Prozessor: Intel Core i5 4670K 3,4Ghz 4 Kerne
Mainboard: MSI Z87-G41 PC Mate (MS-7850)
Speicher sind 4x 4 GB DDR3  von Ballistix Sport
Grafikkarte: AMD Radeon R9 200 Series
Netzteil: bequiet SYSTEM POWER 9 600W

Ich kann mir vorstellen das der Prozessor besser sein könnte jedoch weiß ich nicht ob ich da ein neues Board brauche, gleiches gilt für die Grafikkarte. 

Was sagt ihr dazu? Was macht Sinn in meinem Fall.

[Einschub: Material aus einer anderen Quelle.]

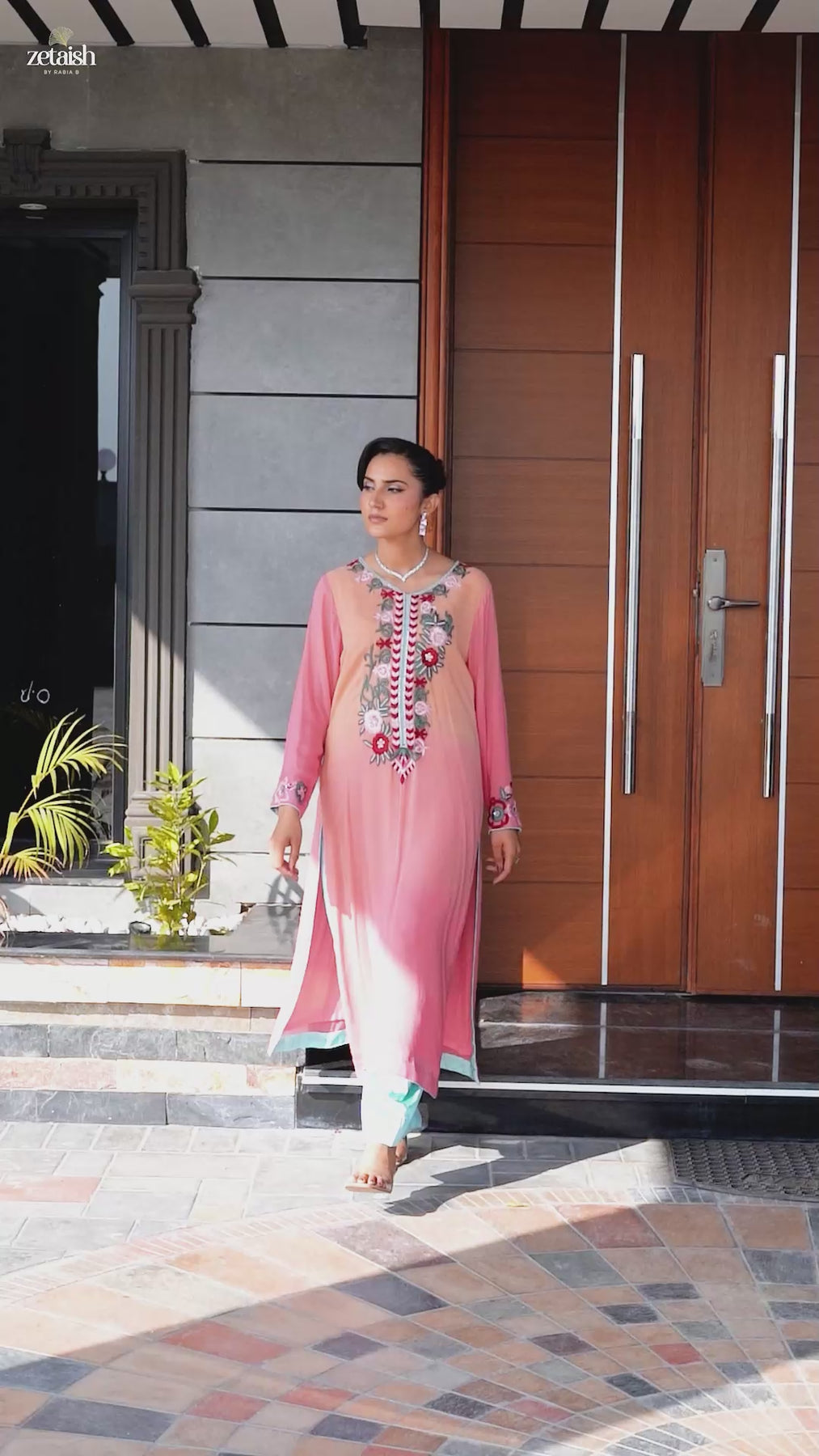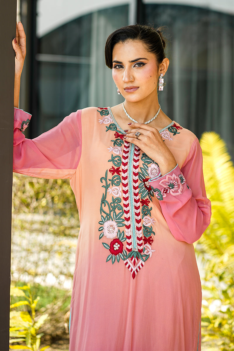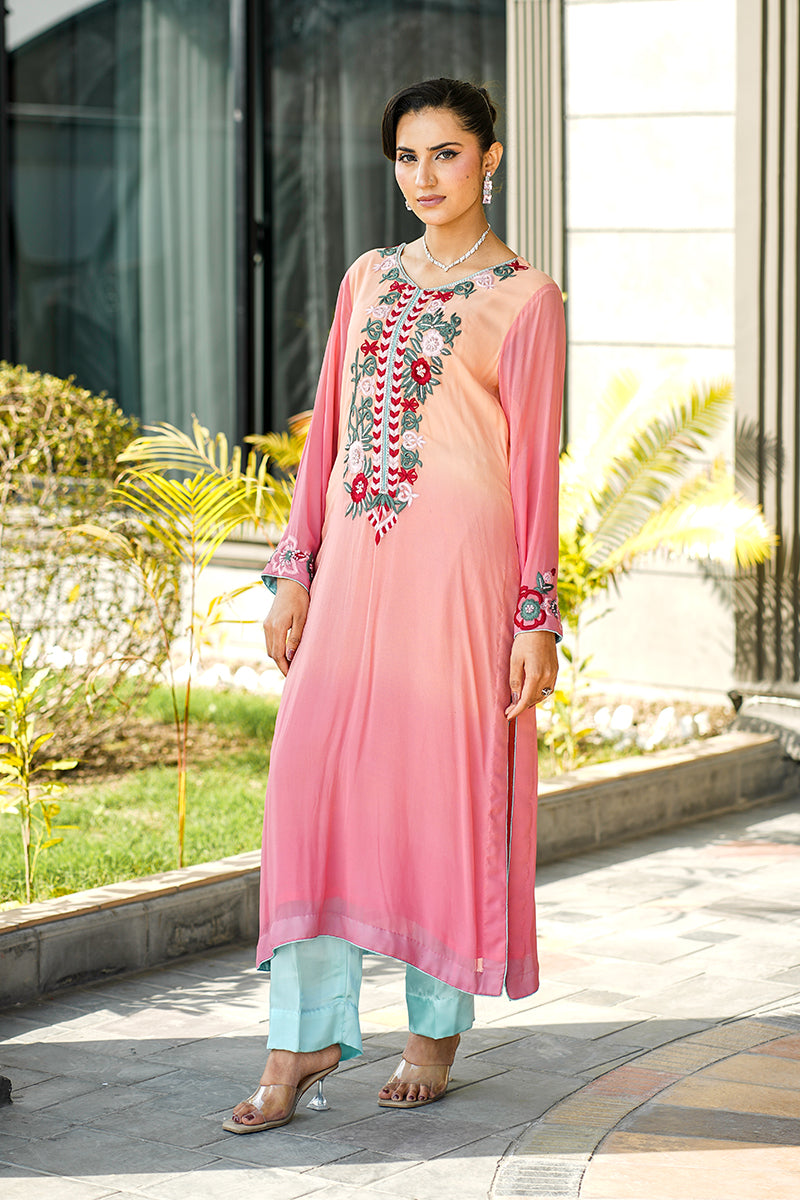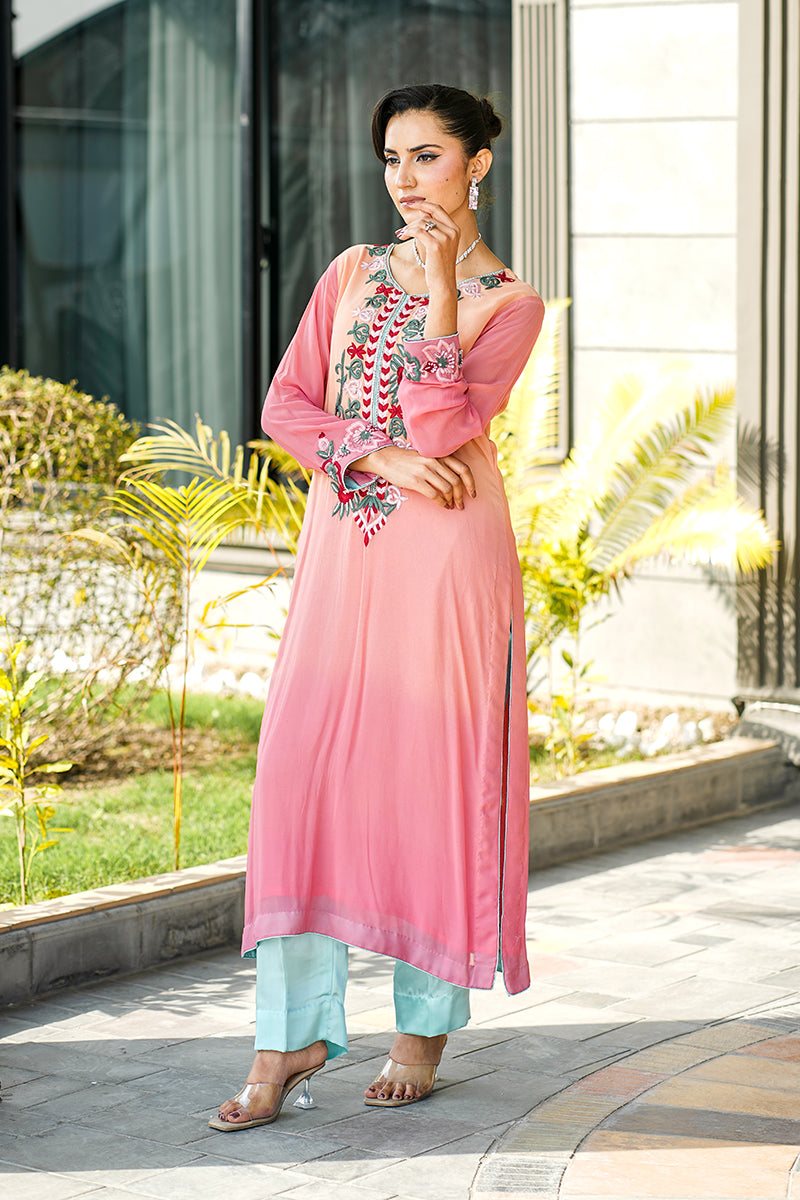 Chic 2-piece party wear suit adorned with vibrant floral embroidery and a soft, graceful drape.Paired with matching trousers for a fresh, elegant look perfect for festive gatherings.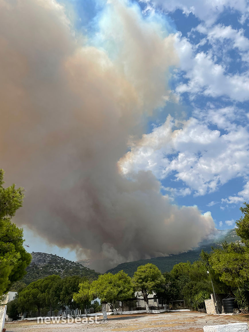 Αναφορικά με το στρατόπεδο Καποτά, που βρίσκεται στην περιοχή, σύμφωνα με την Πυροσβεστική δεν διατρέχει άμεσο κίνδυνο καθώς η πυρκαγιά κινήθηκε βορειότερα.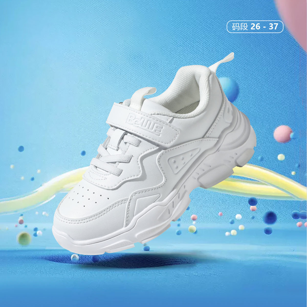 童鞋儿童运动鞋中大童魔术贴简约户外休闲小白鞋轻便透气包裹童鞋 208968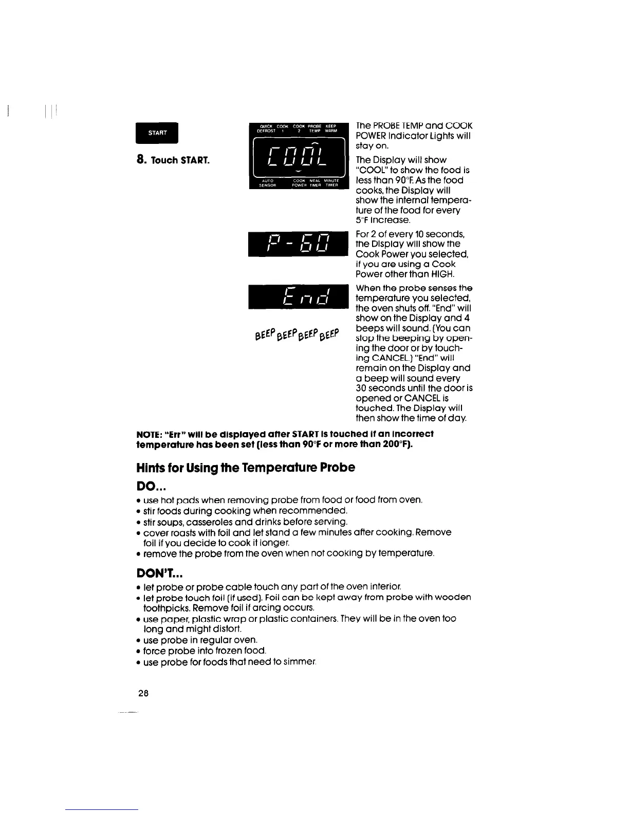 NOTE: r‘Err” will be displayed after START is touched if an incorrect

Ich habe nicht vor in Zukunft irgendwelche Top Games zu zocken und möchte einfach relativ leise und ohne extreme Hitzeentwicklung auf hoher Einstellung das Spiel genießen.

Ich freue mich auf eure Hilfe und wünsche euch einen schönen Tag.

Viele Grüße

Updaten


----------



## butter_milch (20. Juni 2018)

Wenn du hauptsächlich WoW spielst und es dir primär um die Lautstärke geht würde ich einen Ersatz in der Größenordnung einer 1050 (Ti) empfehlen und es dabei belassen. Selbst die Version mit 2GB reicht aus.

Der Rest deiner Komponenten ist absolut ausreichen, selbst für neue Spiele.

Da ich selbst seit über 10 Jahren keine Grafikkarte neu gekauft habe, sondern immer nur über Foren, Kleinanzeigen oder eBay, kann ich nach eigener Erfahrung empfehlen dort mal nach einer gebrauchten zu suchen, falls dir das die Ersparnis von 10-20% wert ist.

Nvidia 1050 eBay Kleinanzeigen
PCIe mit GPU NVIDIA (nach Serie): GTX 1050 (2GB/128bit)/GTX 1050 Ti/GTX 1050 (3GB/96bit Preisvergleich Geizhals Deutschland)


----------



## Updaten (20. Juni 2018)

Ah das klingt schonmal etwas beruhigend. Ist denn die Aero Version auch ein Thema oder ist das nur für die Cube PC gedacht? z.B. NVIDIA® GeForce® GTX 1050Ti AERO
Oder ist die größere sinnvoller?


----------



## EyRaptor (20. Juni 2018)

Von der Leistung ist eine 1050ti schwächer aber viiiiiel sparsamer als eine (ich nehme mal an r9 290?).
Ein CPU overclock würde in wow aber schon für mehr Leistung sorgen.


----------



## jhnbrg (20. Juni 2018)

Updaten schrieb:


> Ich komme mal zur Ausstattung soweit ich es weiß oder sehen kann:
> 
> Prozessor: Intel Core i5 4670K 3,4Ghz 4 Kerne
> Mainboard: MSI Z87-G41 PC Mate (MS-7850)
> ...



Hallo.

Deine CPU könntest du übertakten, dazu hast du auch passendes Mainboard und sehr potenten CPU-Kühler. 4.2-4.5GHz gehen ohne Probleme. Damit brauchst du keine neue CPU.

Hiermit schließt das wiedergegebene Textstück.